The program builds on the recently announced Whistler preliminary economic assessment, which outlined an after-tax NPV at a 5% discount rate of $2.0 billion with a 33% IRR and a 2.1-year payback at base metal prices, and an after-tax NPV 5% of approximately $4.9 billion with a 62% IRR and 1.2-year payback at spot prices.
U.S. GoldMining Inc. filed a Post-Effective Amendment converting its prior Form S-1 into a Form S-3 to register 1,732,259 shares of Common Stock issuable upon exercise of outstanding warrants issued in its IPO. Each Warrant is exercisable at $13.00 per share and expires on April 24, 2026. The filing states 13,322,893 shares outstanding as of April 15, 2026 and a pro forma total of 15,055,152 shares if all Warrants are exercised. If all Warrants are exercised for cash, gross proceeds would be approximately $22.5M; the company says proceeds would be used for general corporate and working capital purposes.

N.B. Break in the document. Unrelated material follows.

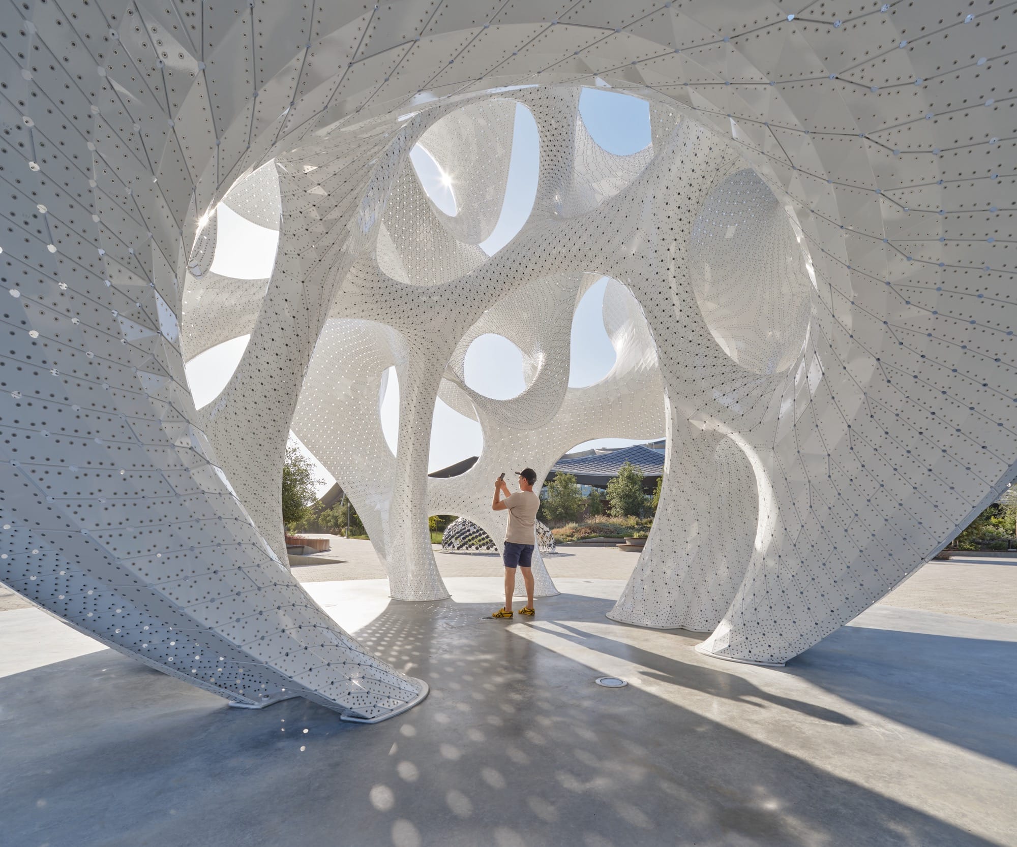 From geometric, white panels riveted together into an undulating sphere, Marc Fornes / THEVERYMANY’s newest public installation invites visitors to immerse themselves in a luminous experience on Google’s Charleston East Campus in California.

U.S. GoldMining Inc. filed a Form 8-K to furnish its parent GoldMining Inc.’s unaudited IFRS interim financial statements and MD&A for the three months ended February 28, 2026, which include certain financial information for U.S. GoldMining.
GoldMining reported a net loss of $7.25 million, driven by higher exploration expenses of $1.58 million and share-based compensation of $1.86 million, partly offset by interest income. However, strong unrealized gains on equity investments of $14.04 million produced total comprehensive income of $3.56 million.
GoldMining ended the quarter with cash and cash equivalents of $26.11 million and working capital of $52.78 million, supported by issuing 4,287,500 shares under its at-the-market program for gross proceeds of $9.32 million. The filing emphasizes that the statements are unaudited, prepared under IFRS rather than U.S. GAAP, preliminary, and not intended as a standalone basis for investment decisions.
U.S. GoldMining Inc. filed an 8-K to furnish a news release announcing completion and filing of an S-K 1300 and NI 43-101 technical report for the preliminary economic assessment (PEA) of its 100%-owned Whistler Gold-Copper Project in Alaska.
The Whistler PEA highlights initial capital expenditures of approximately US$1.3 billion, including a 20% contingency, and life-of-mine all-in sustaining costs of $1,046 per gold ounce on a by-product basis. The PEA currently evaluates only one of three deposits with stated resources, with several additional nearby targets identified for further exploration.